I will release Map Styler shortly – maybe tomorrow depending on how fried I am after work. It will allow you to write a simple prompt and create detailed design schemas (essentially what are used in the Map Design Lab) of your own.

For example, in the examples shown below, I asked the GPT to create schemes based off board games I was looking at on a cart in my garage. You can make design schema from almost anything – the backs of DVD covers work, Ravesnburger puzzle box layouts, Ikea furniture catalog designs… Yup, I’ve been playing around a lot. You can make some seriously cool designs by mixing them together!

And rest assured, the tool never copies any trademarked or copyrighted icons, logos, etc. It creates a map style scheme inspired by what you ask it to do research on – not copying directly. It’s amazing. It’s fun. And it just sped up the cartographic process significantly! Anyone who has played Bohnanza knows that the overly saturated yellow map with eye-burning red font is spot on. Design inspiration and mixing is merely a prompt away now. No coding required. No GUIs required. Just a half-decent prompt.

Map Styler will be announced on the WebMapGPT Blog soon. So if you’re interested, stay tuned.

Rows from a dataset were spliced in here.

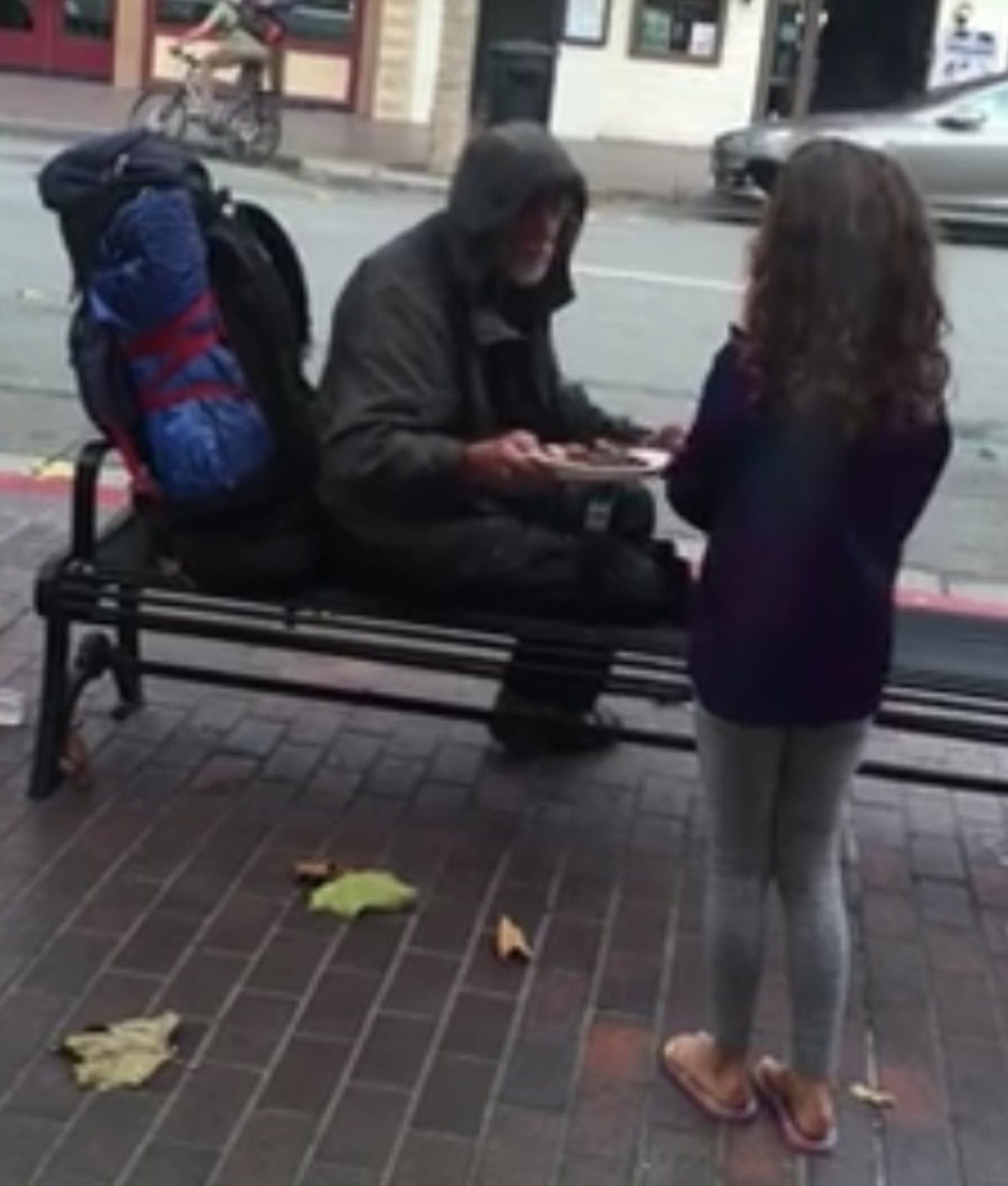 Edwin y Ella están comiendo en un restaurante cuando la pequeña ve por la ventana a un vagabundo y pregunta si puede ofrecerle su plato de comida. El padre la anima a ello y graba el vídeo orgulloso. Cuando vuelve a entrar en el restaurante, su padre le dice que es increíble y que acaba de mejorar el día de ese hombre.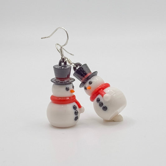 Snowman Earrings with Sterling Silver Hooks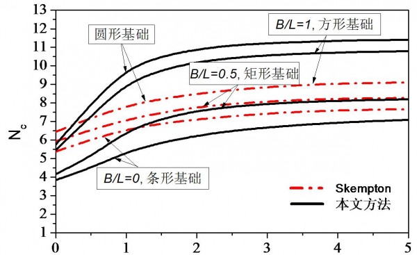 •可以近似地考虑基坑形状对稳定性的影响,但计算Nc值时采用的方法是不严谨的。
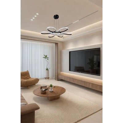 Φωτιστικό οροφής κρεμαστό LED PAPATYA 80 watt μαύρο αλουμινίου με τρείς επιλογές χρώματος φωτισμού.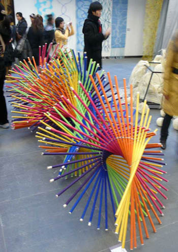 另外,张月并不完全赞同一些艺术家所提倡的先锋和前卫,因为先锋和前卫也应关注社会亟待解决的问题。设计是有道德的,设计师不应只关注自己专业范围内的东西,而应该关注社会问题。设计与艺术不是一回事,艺术家可以自娱自乐,但是设计师要有社会责任,要解决社会问题,必须关注社会。对于学校来讲,首先要有社会责任感。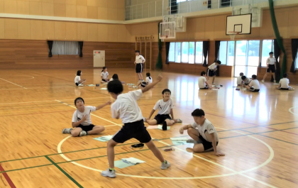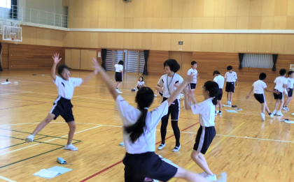 自分で考えたエアロビクスの動きを友達に披露しました。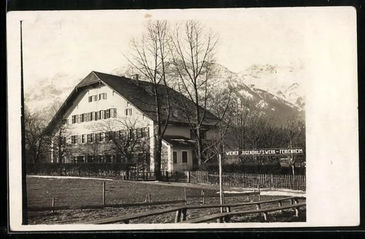 Foto-AK Bad Goisern, Wiener Jugendhilfswerk-Ferienheim mit Gebirgspanorama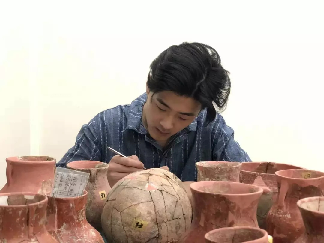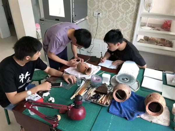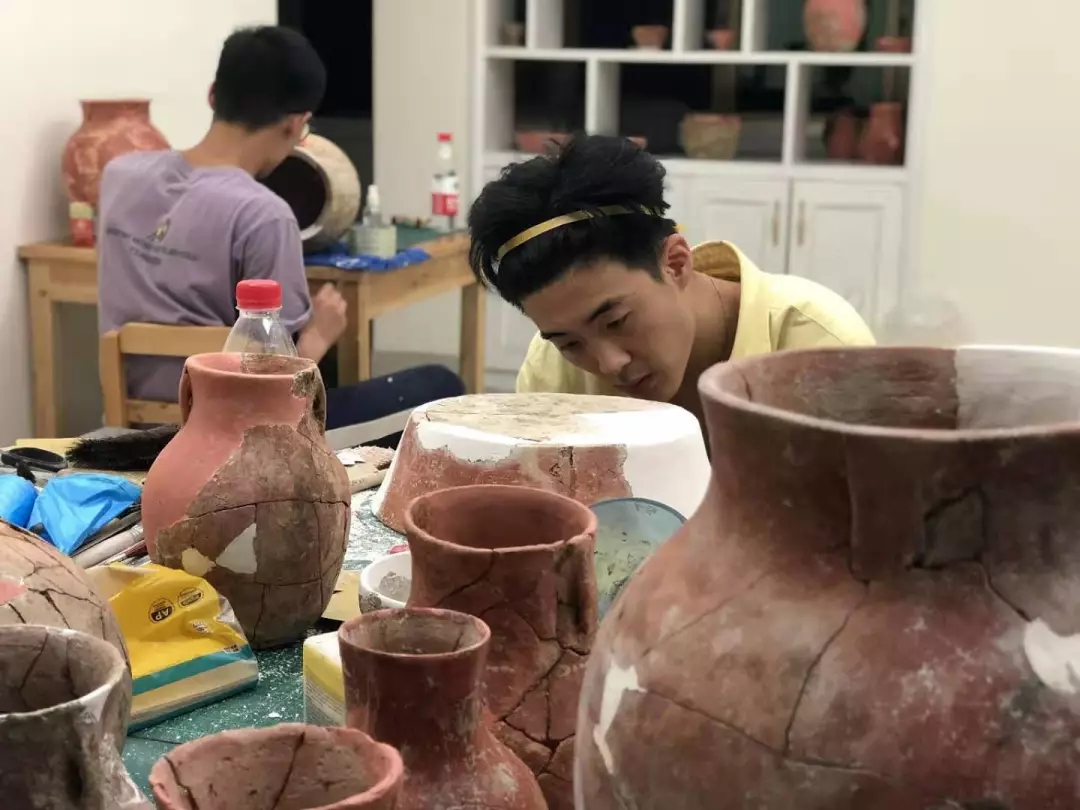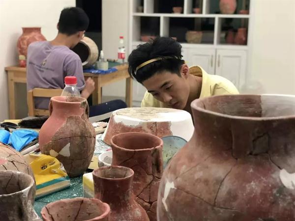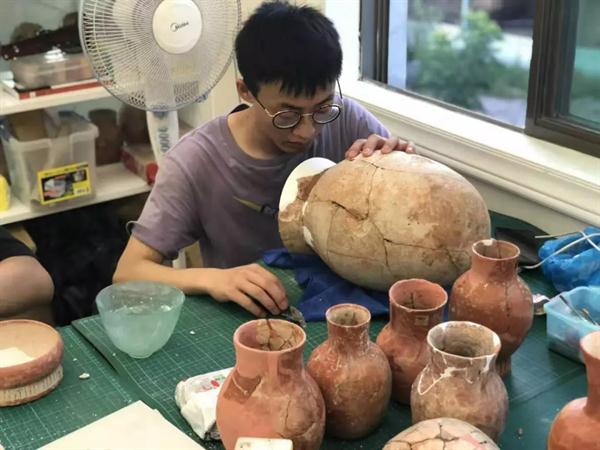 遗址的探方中随处散落着碎陶片,文物修复师生的工作就是将成百上千的碎片通过修复方案的确定,经拍照、档案记录、清理、拼接、补缺等修复工序,把碎片复原成器。众所周知,考古工作条件十分艰苦,修复的工地里没有空调,只有电风扇,正是文物修复师生们对专业工作的热爱与执着,才能顶着高温酷暑,放弃暑假休息和舒适的环境,投身到文物修复的重要工作中。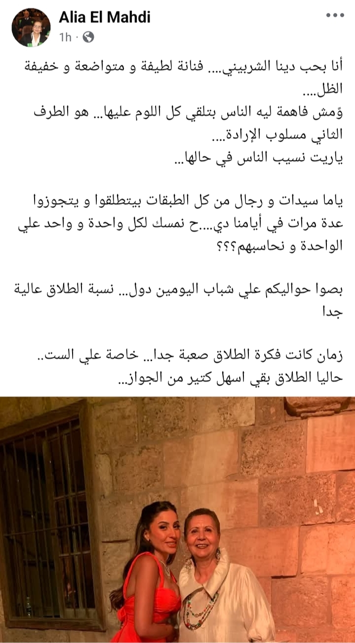 وقالت الماضي في منشور عبر موقع التواصل الاجتماعي "فيسبوك": "أنا بحب دينا الشربيني، فنانة لطيفة و متواضعة و خفيفة الظل، وًمش فاهمة ليه الناس بتلقي كل اللوم عليها، هو الطرف الثاني مسلوب الإرادة، ياريت نسيب الناس في حالها".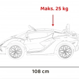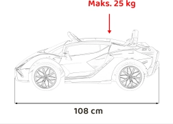 Kleine bestuurders zullen het iconische design van de Lamborghini Sian waarderen met schaardeuren, realistische details en heldere LED-lampen voor en achter. De auto wordt aangedreven door een 12 V/7 Ah-accu en vier motoren (2×18 W voor en 2×35 W achter) die samen zorgen voor een vloeiende en leuke rit.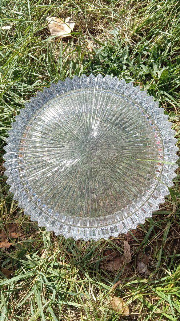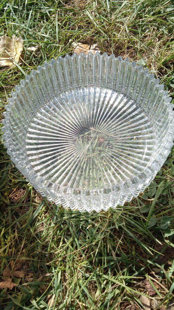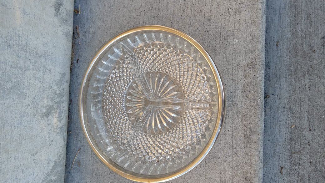 Vegetable tray/dish measures: 2" tall X 8" diameter and it has dividers creating 3 compartments inside. I believe it is sunburst lead-crystal.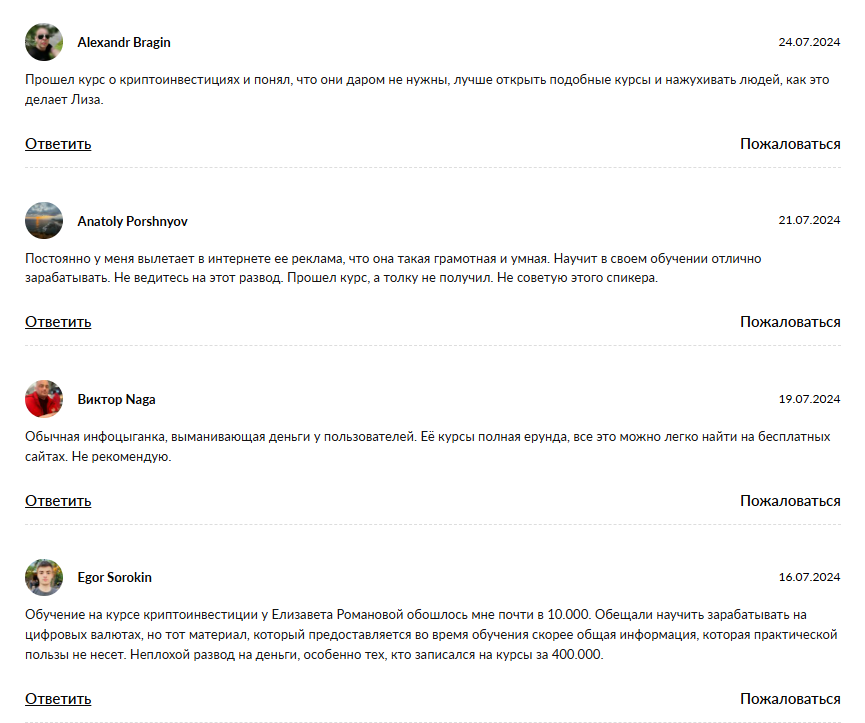 Отзывы о Крипто Шике как о самостоятельном продукте отсутствуют. Вместо этого в сети встречается множество комментариев о курсах Романовой и Любимовой — и они преимущественно отрицательные. Пользователи пишут, что обучение не содержит практической ценности, информация поверхностная, а главный акцент делается на мотивации и продаже дорогих пакетов.

But anyway… snakes! Blasted snakes! Yikes!

Today’s map shows where 60 of the world’s most toxic snakes live (roughly).

It’s interactive and designed for kids, parents, and people who randomly might Google or LLM “show me a map of the world’s most poisonous snakes please.” I’m sure this will land on the 47th page  of Google search, but it will be out there, in the wild.

Another prompt cartography artifact. Ta-da!

I hope you enjoy today’s map. It was fun to make. And I can’t wait to get to the next day, because snakes… yuck!


Bohnanza / Family Card-Inspired Game Mash Up Styled Map

Forest Shuffle Game / Cassini Map Mash Up
(Also inspired by Guillaume Touya and the very nice cheese-shop guy in Nantes 🙂

 

The Final Design Version
World War II / Undaunted-Card-Game-System-Inspired Mash Up Map

Pop-up style was designed in one-off prompt without me mentioning it at all, because the schema associated the card styles and layouts to map components.

View Map Here


Web Mapper Prompt (www.webmapgpt.com) Single Prompt for each style.

Please create a fun, educational map about snake ranges for World Snake Day. The audience should be targeted at school children who are fascinated by deadly snakes and may ask Google to find a map. (Add some SEO stuff to the metadata at top, please, about poisonous snake maps, ranges, interactive maps, reliable, etc..) I’m attaching a ton of information and data created by another GPT. Use the data that makes the most sense for the easiest, cleanest presentation on an apache website. There is a readme file that describes what the datasets are and what you can visualize. If there is data on number of deaths, etc., perhaps add proportional circles, etc. Otherwise, just ranges are fine. Perhaps take a look at the data and attached style schema before you begin and provide your best style and dsign suggestion. Thank you!